_Activity_
Copy word for word, please, the lines of the entries below running from the one containing "Camisa em tecido" to the one containing "Цель урока –", both ends included.

_Material to process_
--------

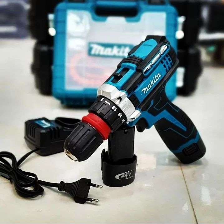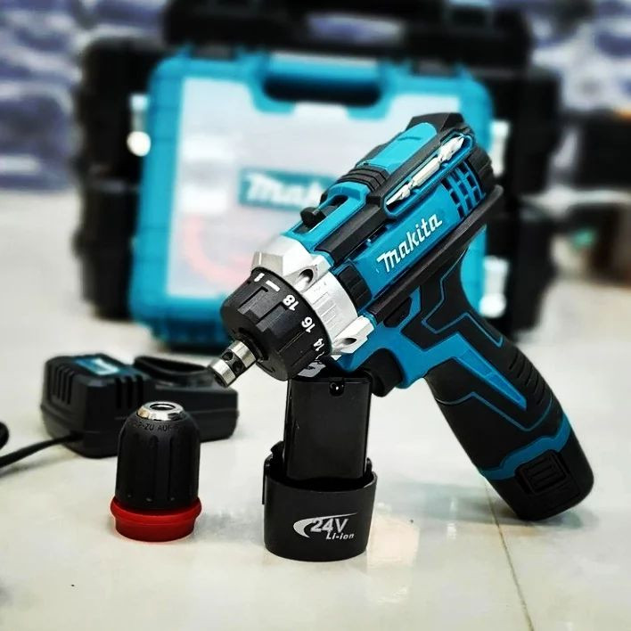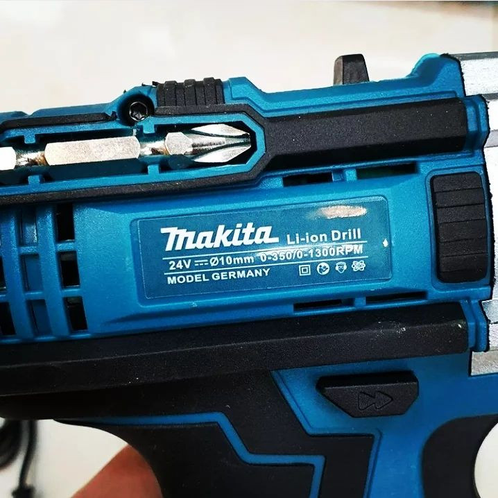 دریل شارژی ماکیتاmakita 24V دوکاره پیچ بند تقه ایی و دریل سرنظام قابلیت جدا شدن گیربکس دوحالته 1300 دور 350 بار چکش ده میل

--------

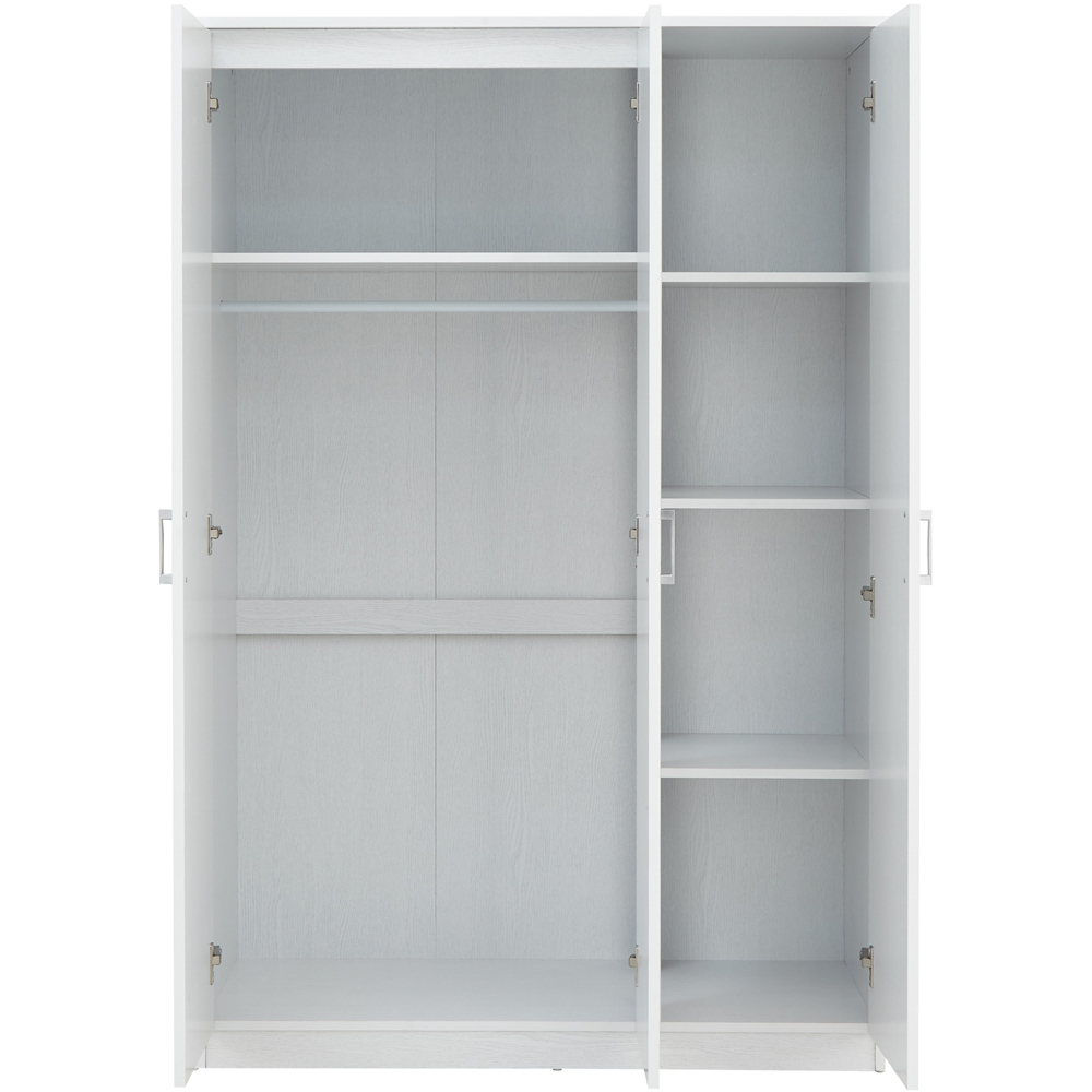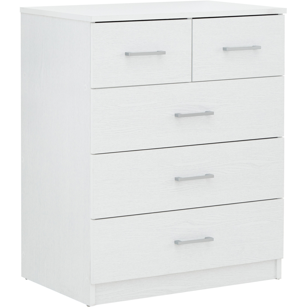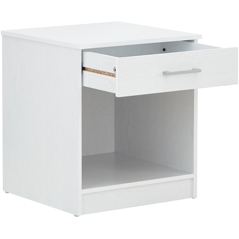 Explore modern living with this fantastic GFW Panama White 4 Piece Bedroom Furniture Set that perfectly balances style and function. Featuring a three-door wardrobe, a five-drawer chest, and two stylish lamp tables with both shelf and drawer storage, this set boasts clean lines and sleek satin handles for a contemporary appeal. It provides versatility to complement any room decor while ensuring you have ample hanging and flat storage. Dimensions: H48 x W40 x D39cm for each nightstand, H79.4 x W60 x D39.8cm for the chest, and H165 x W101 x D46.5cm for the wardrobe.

--------

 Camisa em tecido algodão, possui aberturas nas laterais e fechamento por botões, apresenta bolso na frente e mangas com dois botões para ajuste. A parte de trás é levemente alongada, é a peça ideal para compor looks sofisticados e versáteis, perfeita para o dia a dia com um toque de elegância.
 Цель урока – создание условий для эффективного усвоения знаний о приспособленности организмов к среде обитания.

--------

_Answer box_
 Camisa em tecido algodão, possui aberturas nas laterais e fechamento por botões, apresenta bolso na frente e mangas com dois botões para ajuste. A parte de trás é levemente alongada, é a peça ideal para compor looks sofisticados e versáteis, perfeita para o dia a dia com um toque de elegância.
 Цель урока – создание условий для эффективного усвоения знаний о приспособленности организмов к среде обитания.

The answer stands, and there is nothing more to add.